*Supplied information*
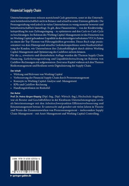 Für die 4., erweiterte und überarbeitete Auflage wurden die Themen Supply Chain Financing, Lieferkettengestaltung und Liquiditätsbetrachtung im Rahmen von Cashflow-Rechnungen mit aufgenommen. Zwei neue Kapitel widmen sich den Themen Risikomanagement und Resilienz sowie Digitalisierung der Supply Chain.
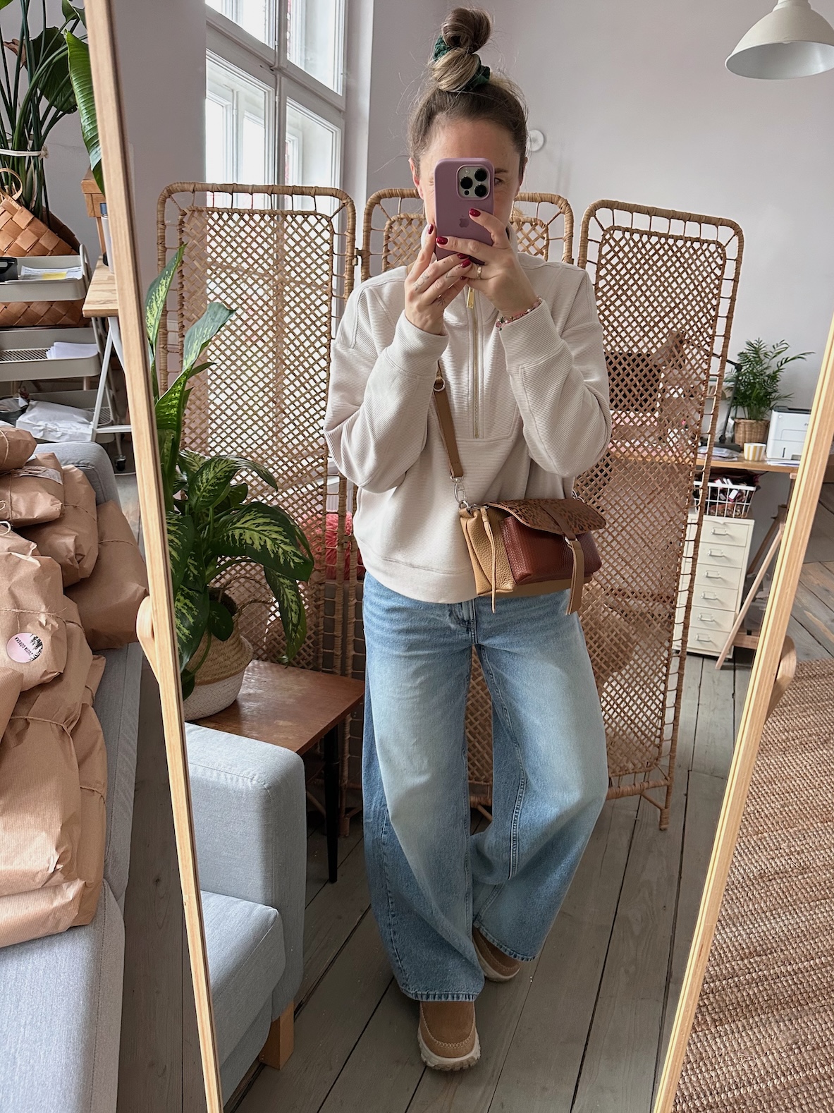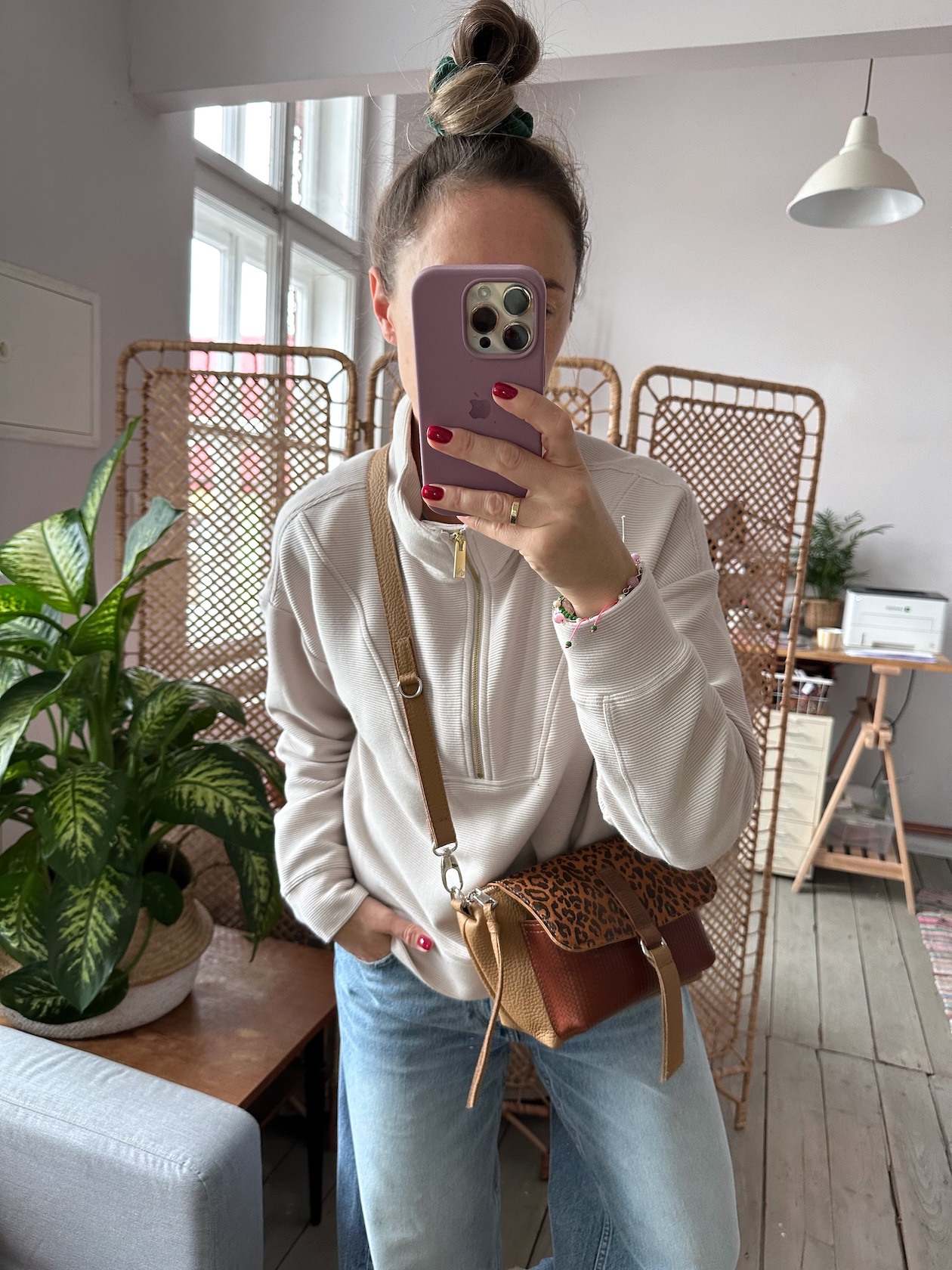 Na zewnątrz naszyta kieszonka idealna na telefon, zamykana na magnes.
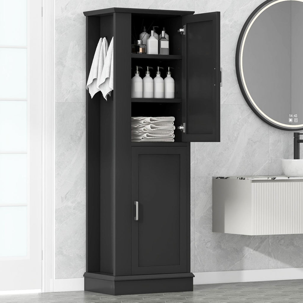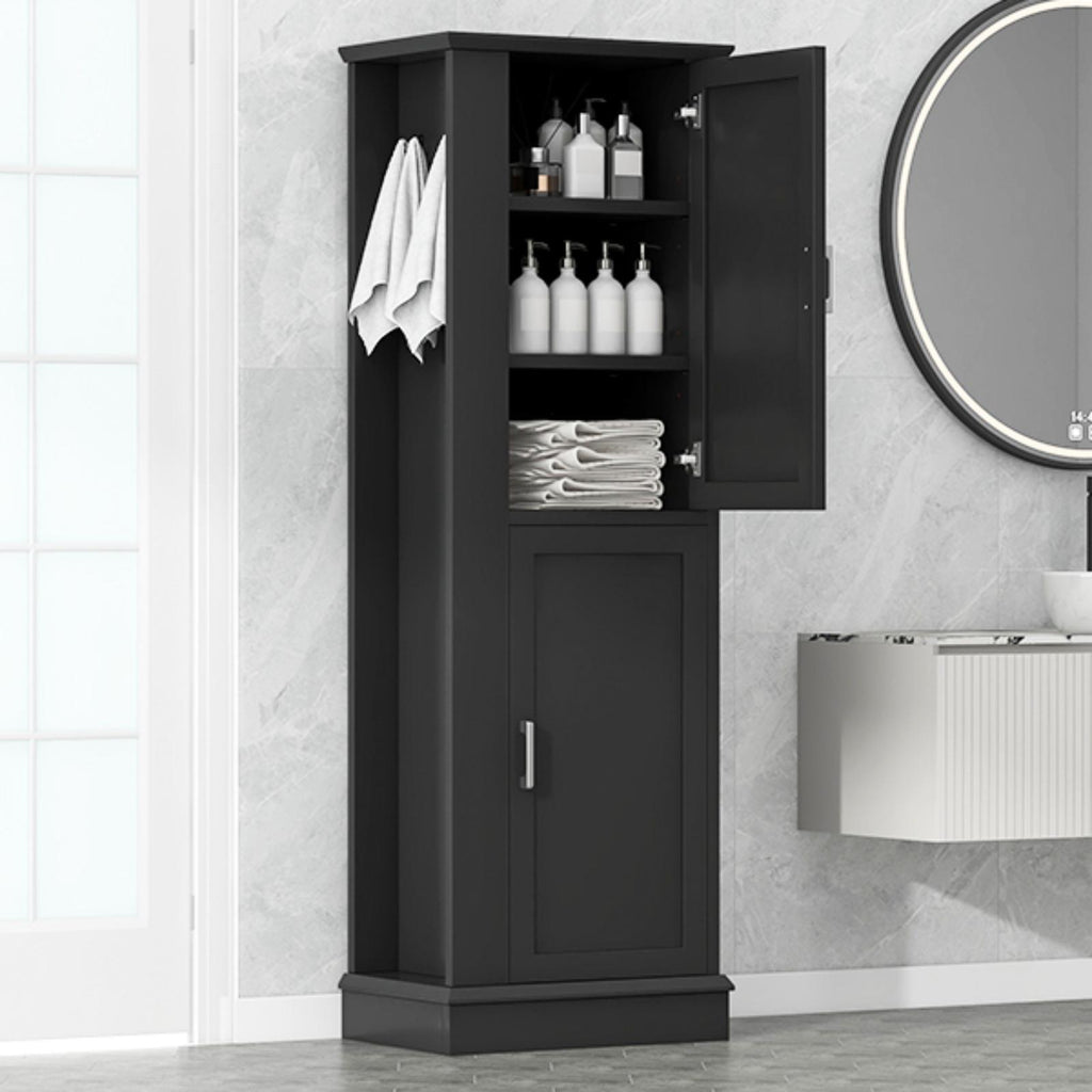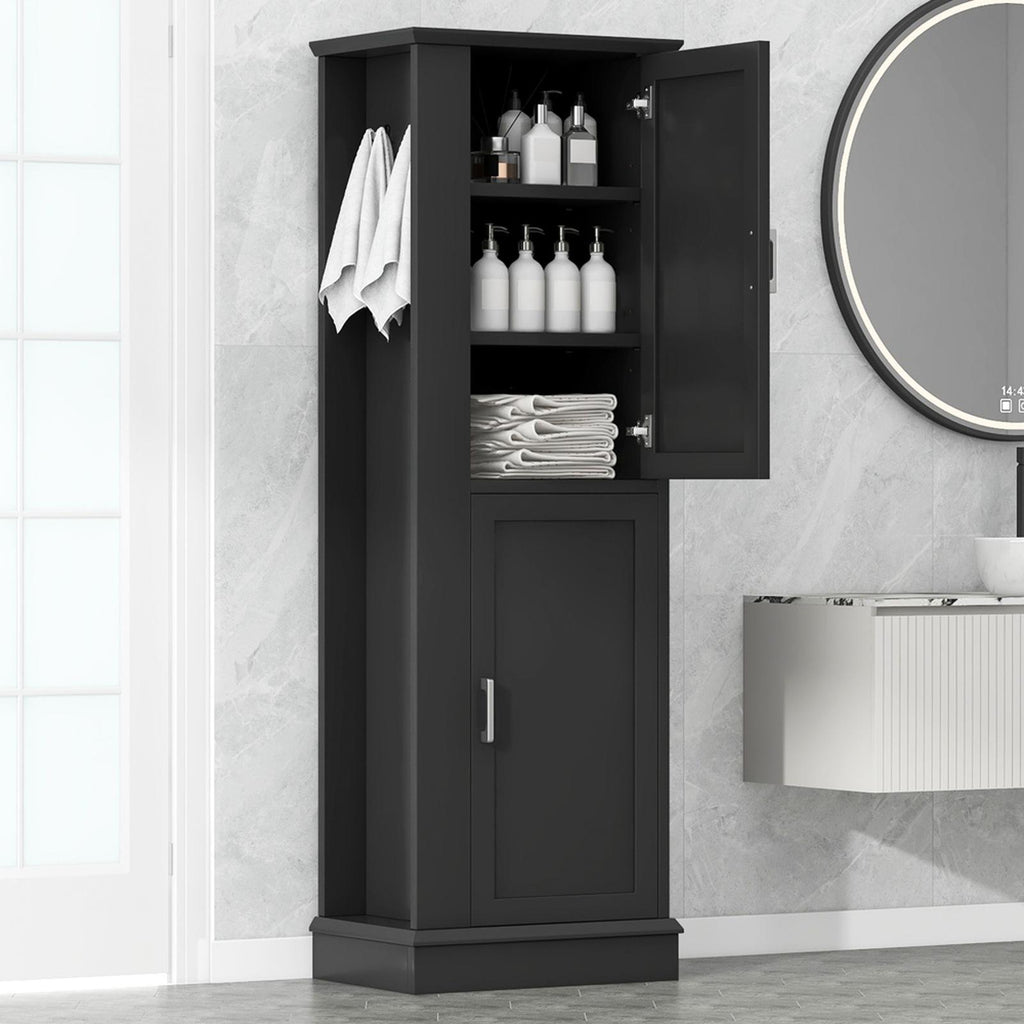 Tall Bathroom Storage Cabinet, Freestanding Storage Cabinet with Hook and
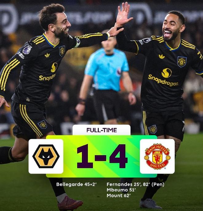 英超第15轮曼联4比1狼队的确是很提气的一战,在阿森纳爆冷失分,利物浦更衣室内乱的当下,红魔可以3轮不败升至积分榜第六位的确不俗。不过圣诞魔鬼赛程还将考验球队的应对能力,本赛季英超争冠的乱局还将持续下去,乐观的红魔球迷仍认为球队有争冠的能力。曼联本赛季曾经排名靠后,球队进入11月的战绩比较低迷,球队先后2比2诺丁汉森林和热刺,客场无力也是很明显的。随后球队主场0比1埃弗顿更是令人吃惊,所幸的那场比赛后球队客场2比1水晶宫、1比1西汉姆和本轮大比分赢狼队,球队领军人物B费在近三场比赛中的表现也算是为己正名了。萨拉赫对于利物浦是绝对的功臣,但是本赛季因为球队战绩差,他的表现也没有上赛季关键,所以被主帅放在板凳上三场比赛,球员因此发声质疑球队和主帅,因此被确定不会出战随后的欧冠赛事。这样的困境的确会影响球员和球队的战绩,B费也曾面对质疑,主帅更是压力很大,但是如今也算是冲过了难关。目前的英超积分榜上,阿森纳积33分领跑,曼城积31分,维拉积30分,水晶宫积26分,切尔西和曼联同积25分,红魔因为净胜球的劣势排名第六。狼队是垫底球队,球队联赛8连败的低迷战绩也令球迷不满,所以即便坐镇主场也没能拿到平局。B费此役用2射1传的关键表现成为球队赢球的功臣,回看这场比赛,第25分钟的进球很不易,当时卡塞米罗前场逼抢,并且将球捅给库尼亚,库尼亚晃开角度传球给B费,后者没想到队友传球而滑倒在地,所幸的是他迅速起身完成射门,这粒进球的确是一波三折。此后的曼联还是出现了一些纰漏,上半场补时阶段沃尔费左路倒三角传中球助攻贝莱加德将比分扳平。第51分钟曼联再度领先,当时库尼亚送直塞,达洛特面对门将选择分球给队友,姆伯莫右脚推射空门得手。第62分钟,B费和阿玛德的配合,后者回敲帮助B费完成一次射门,随后二次进攻中,B费拿球选择传到禁区助攻芒特将比分改写为3比1,这也登顶锁定了胜局。第82分钟阿玛德造耶森·莫斯克拉手球,B费主罚点球命中让对手只能接受一场惨败。此役后,B费的英超生涯进球数达到66粒,仅次于C罗位列葡萄牙球员第二位,红魔真核还创造了连续5个英超客场送出助攻的历史纪录。数据还显示,B费全场12公里的跑动距离与3次抢断,他与库尼亚的前场联动愈发默契,两人本场贡献1球2助攻的直接参与数据,成为曼联反击战术的关键支点。此役曼联的亮点是在于球队强化高效反击与定位球攻坚,本场9次角球机会与23次射门的数据,印证了球队进攻效率的质变。卡塞米罗全场4次抢断状态回勇,他为攻防转换提供了坚实保障;达洛特的边路插上与姆伯莫的冲击力形成互补,后者作为狼队的天敌在7次对阵中已贡献4球2助攻,成为破局关键。目前的狼队15轮仅积2分、进8球丢35球,这样惨淡数据也创造了球队四十多年来的最差纪录,从欧联杯八强沦为英超头号降级热门。除了球员表现的问题,狼队的问题还在于今夏转会时常运作的错误决定,卖掉两大核心却缺乏有效补强,教练频繁更迭导致战术摇摆,从三中卫防反到控球进攻的反复切换,让球员无所适从。曼联接下来的赛程是主场对阵伯恩茅斯,随后客场对阵维拉。狼队随后的两个对手分别是阿森纳和布伦特福德,球队的难关还需要继续闯。

*Problem description*
Line by line and exactly, write out the material above. Skip the pictures.

*Answer to the exercise*
 Für die 4., erweiterte und überarbeitete Auflage wurden die Themen Supply Chain Financing, Lieferkettengestaltung und Liquiditätsbetrachtung im Rahmen von Cashflow-Rechnungen mit aufgenommen. Zwei neue Kapitel widmen sich den Themen Risikomanagement und Resilienz sowie Digitalisierung der Supply Chain.
 Na zewnątrz naszyta kieszonka idealna na telefon, zamykana na magnes.
 Tall Bathroom Storage Cabinet, Freestanding Storage Cabinet with Hook and
 英超第15轮曼联4比1狼队的确是很提气的一战,在阿森纳爆冷失分,利物浦更衣室内乱的当下,红魔可以3轮不败升至积分榜第六位的确不俗。不过圣诞魔鬼赛程还将考验球队的应对能力,本赛季英超争冠的乱局还将持续下去,乐观的红魔球迷仍认为球队有争冠的能力。曼联本赛季曾经排名靠后,球队进入11月的战绩比较低迷,球队先后2比2诺丁汉森林和热刺,客场无力也是很明显的。随后球队主场0比1埃弗顿更是令人吃惊,所幸的那场比赛后球队客场2比1水晶宫、1比1西汉姆和本轮大比分赢狼队,球队领军人物B费在近三场比赛中的表现也算是为己正名了。萨拉赫对于利物浦是绝对的功臣,但是本赛季因为球队战绩差,他的表现也没有上赛季关键,所以被主帅放在板凳上三场比赛,球员因此发声质疑球队和主帅,因此被确定不会出战随后的欧冠赛事。这样的困境的确会影响球员和球队的战绩,B费也曾面对质疑,主帅更是压力很大,但是如今也算是冲过了难关。目前的英超积分榜上,阿森纳积33分领跑,曼城积31分,维拉积30分,水晶宫积26分,切尔西和曼联同积25分,红魔因为净胜球的劣势排名第六。狼队是垫底球队,球队联赛8连败的低迷战绩也令球迷不满,所以即便坐镇主场也没能拿到平局。B费此役用2射1传的关键表现成为球队赢球的功臣,回看这场比赛,第25分钟的进球很不易,当时卡塞米罗前场逼抢,并且将球捅给库尼亚,库尼亚晃开角度传球给B费,后者没想到队友传球而滑倒在地,所幸的是他迅速起身完成射门,这粒进球的确是一波三折。此后的曼联还是出现了一些纰漏,上半场补时阶段沃尔费左路倒三角传中球助攻贝莱加德将比分扳平。第51分钟曼联再度领先,当时库尼亚送直塞,达洛特面对门将选择分球给队友,姆伯莫右脚推射空门得手。第62分钟,B费和阿玛德的配合,后者回敲帮助B费完成一次射门,随后二次进攻中,B费拿球选择传到禁区助攻芒特将比分改写为3比1,这也登顶锁定了胜局。第82分钟阿玛德造耶森·莫斯克拉手球,B费主罚点球命中让对手只能接受一场惨败。此役后,B费的英超生涯进球数达到66粒,仅次于C罗位列葡萄牙球员第二位,红魔真核还创造了连续5个英超客场送出助攻的历史纪录。数据还显示,B费全场12公里的跑动距离与3次抢断,他与库尼亚的前场联动愈发默契,两人本场贡献1球2助攻的直接参与数据,成为曼联反击战术的关键支点。此役曼联的亮点是在于球队强化高效反击与定位球攻坚,本场9次角球机会与23次射门的数据,印证了球队进攻效率的质变。卡塞米罗全场4次抢断状态回勇,他为攻防转换提供了坚实保障;达洛特的边路插上与姆伯莫的冲击力形成互补,后者作为狼队的天敌在7次对阵中已贡献4球2助攻,成为破局关键。目前的狼队15轮仅积2分、进8球丢35球,这样惨淡数据也创造了球队四十多年来的最差纪录,从欧联杯八强沦为英超头号降级热门。除了球员表现的问题,狼队的问题还在于今夏转会时常运作的错误决定,卖掉两大核心却缺乏有效补强,教练频繁更迭导致战术摇摆,从三中卫防反到控球进攻的反复切换,让球员无所适从。曼联接下来的赛程是主场对阵伯恩茅斯,随后客场对阵维拉。狼队随后的两个对手分别是阿森纳和布伦特福德,球队的难关还需要继续闯。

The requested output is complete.